* [Directions for this task]:
The listing below has to be output exactly as given, less its pictures.

* [Data block]:
Content starts

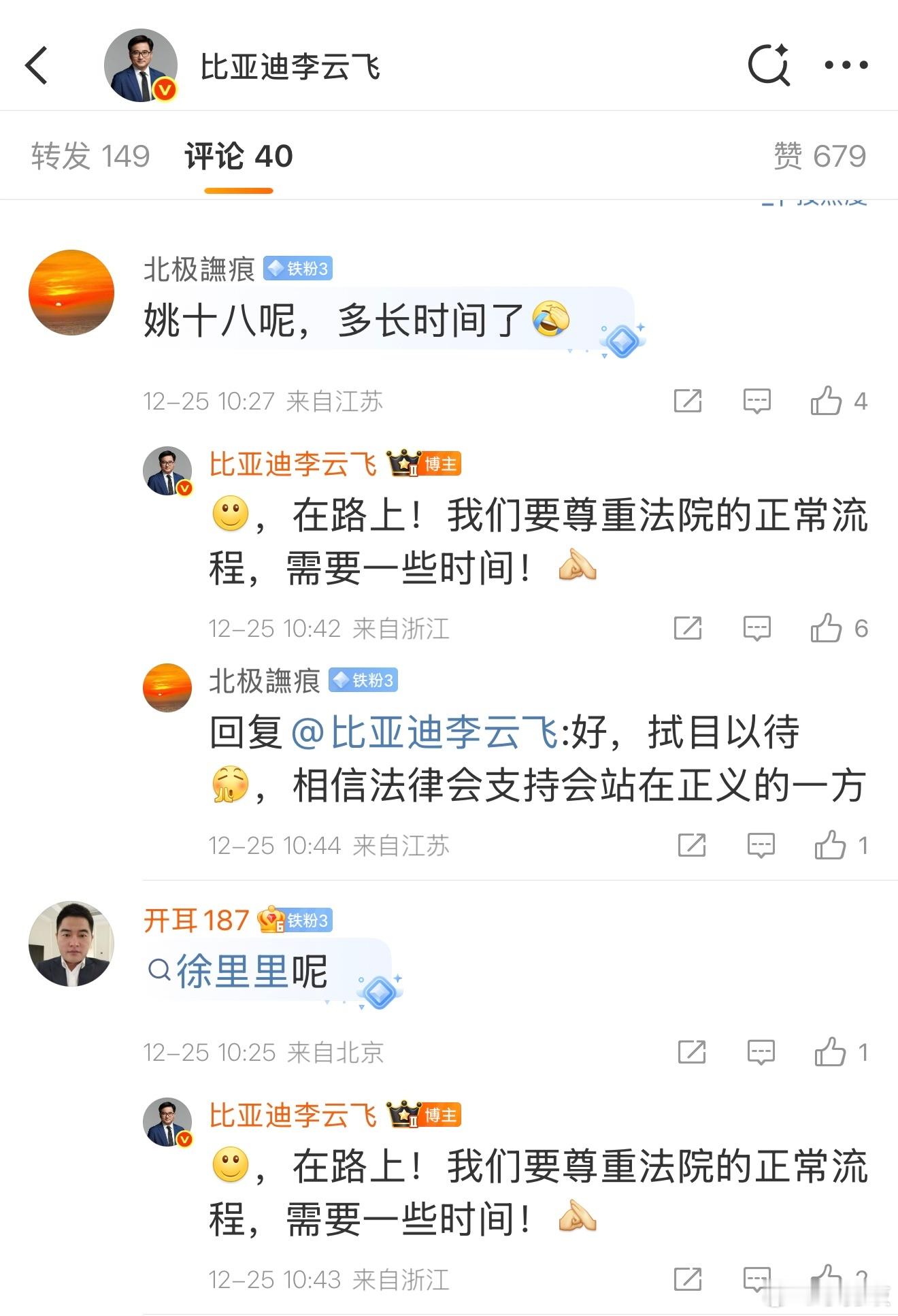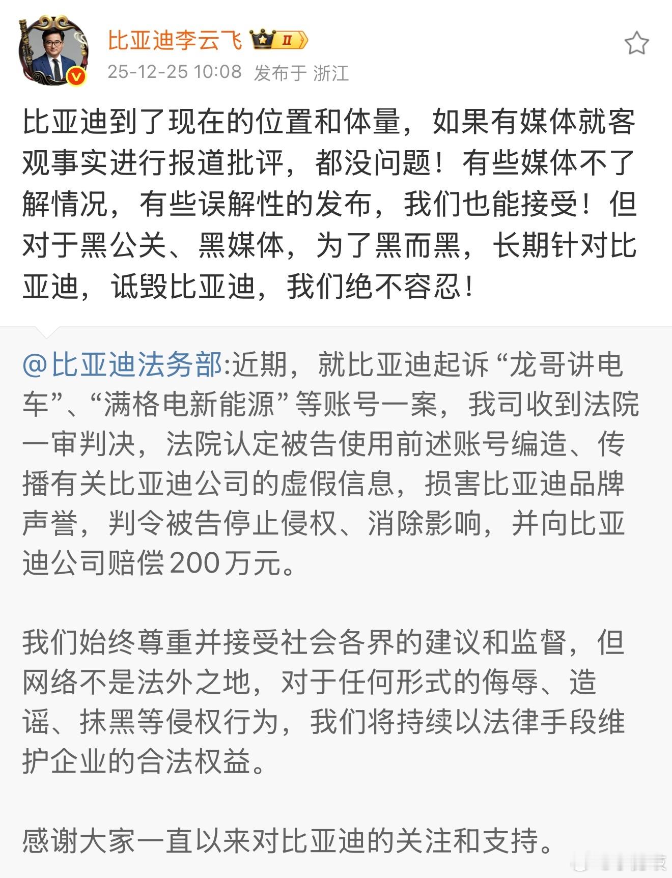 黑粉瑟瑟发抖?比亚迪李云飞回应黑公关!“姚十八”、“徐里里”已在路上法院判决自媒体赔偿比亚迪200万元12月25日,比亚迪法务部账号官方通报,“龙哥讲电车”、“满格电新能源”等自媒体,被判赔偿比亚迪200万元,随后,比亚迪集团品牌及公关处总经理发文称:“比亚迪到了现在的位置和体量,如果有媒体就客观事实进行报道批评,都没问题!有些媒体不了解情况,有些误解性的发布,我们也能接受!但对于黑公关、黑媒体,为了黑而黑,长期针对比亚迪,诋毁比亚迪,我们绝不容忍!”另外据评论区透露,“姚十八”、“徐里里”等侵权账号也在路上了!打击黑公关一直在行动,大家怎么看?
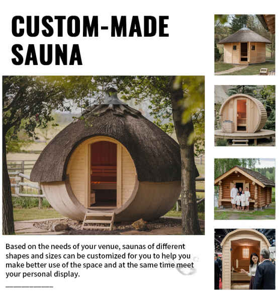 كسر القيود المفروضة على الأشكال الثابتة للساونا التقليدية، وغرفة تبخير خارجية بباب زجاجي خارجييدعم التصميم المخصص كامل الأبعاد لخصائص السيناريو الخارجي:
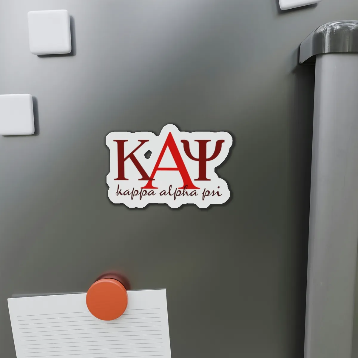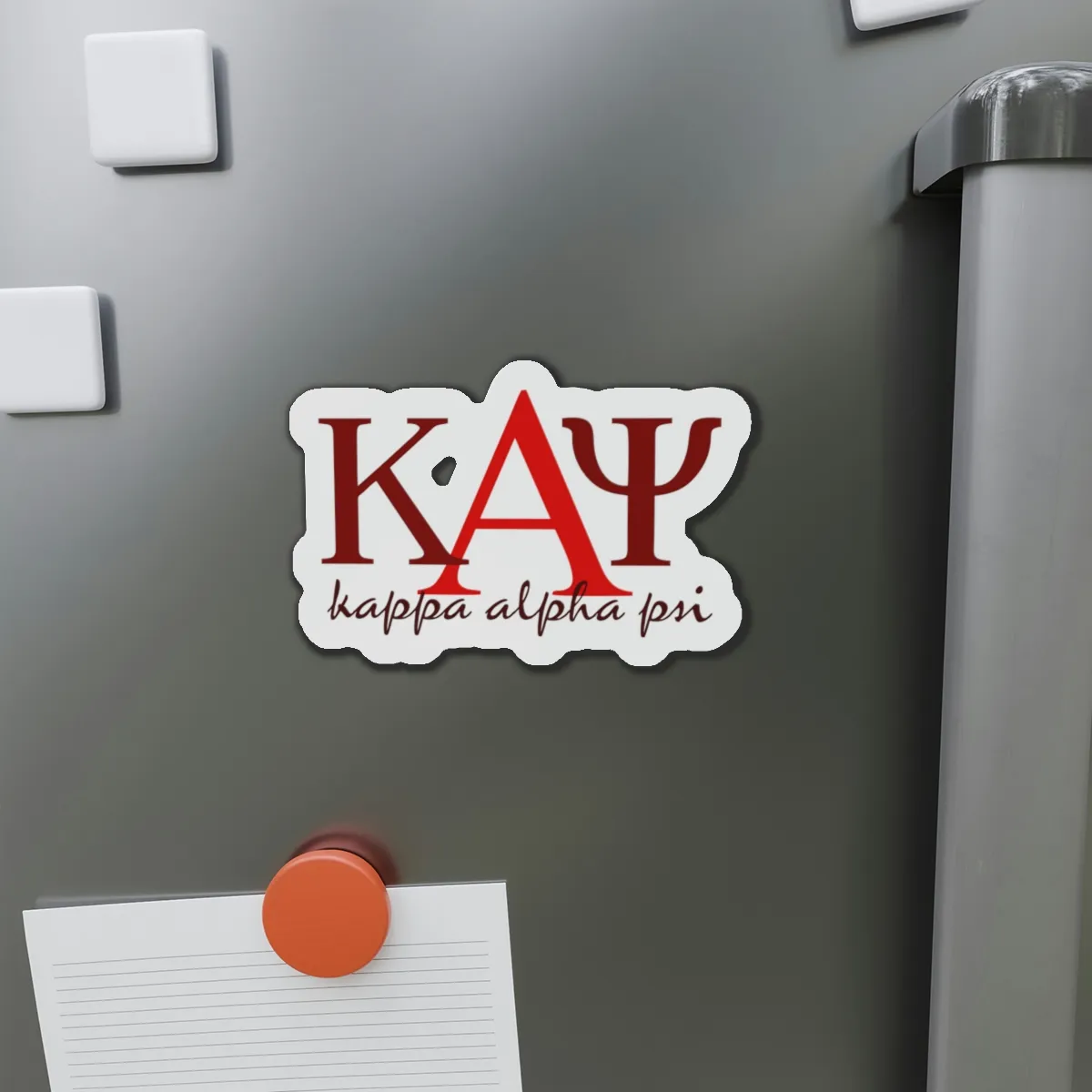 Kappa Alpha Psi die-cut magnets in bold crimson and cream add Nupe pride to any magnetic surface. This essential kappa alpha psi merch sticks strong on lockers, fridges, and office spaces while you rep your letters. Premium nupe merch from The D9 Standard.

Content ends

* [Task solution]:
 黑粉瑟瑟发抖?比亚迪李云飞回应黑公关!“姚十八”、“徐里里”已在路上法院判决自媒体赔偿比亚迪200万元12月25日,比亚迪法务部账号官方通报,“龙哥讲电车”、“满格电新能源”等自媒体,被判赔偿比亚迪200万元,随后,比亚迪集团品牌及公关处总经理发文称:“比亚迪到了现在的位置和体量,如果有媒体就客观事实进行报道批评,都没问题!有些媒体不了解情况,有些误解性的发布,我们也能接受!但对于黑公关、黑媒体,为了黑而黑,长期针对比亚迪,诋毁比亚迪,我们绝不容忍!”另外据评论区透露,“姚十八”、“徐里里”等侵权账号也在路上了!打击黑公关一直在行动,大家怎么看?
 كسر القيود المفروضة على الأشكال الثابتة للساونا التقليدية، وغرفة تبخير خارجية بباب زجاجي خارجييدعم التصميم المخصص كامل الأبعاد لخصائص السيناريو الخارجي:
 Kappa Alpha Psi die-cut magnets in bold crimson and cream add Nupe pride to any magnetic surface. This essential kappa alpha psi merch sticks strong on lockers, fridges, and office spaces while you rep your letters. Premium nupe merch from The D9 Standard.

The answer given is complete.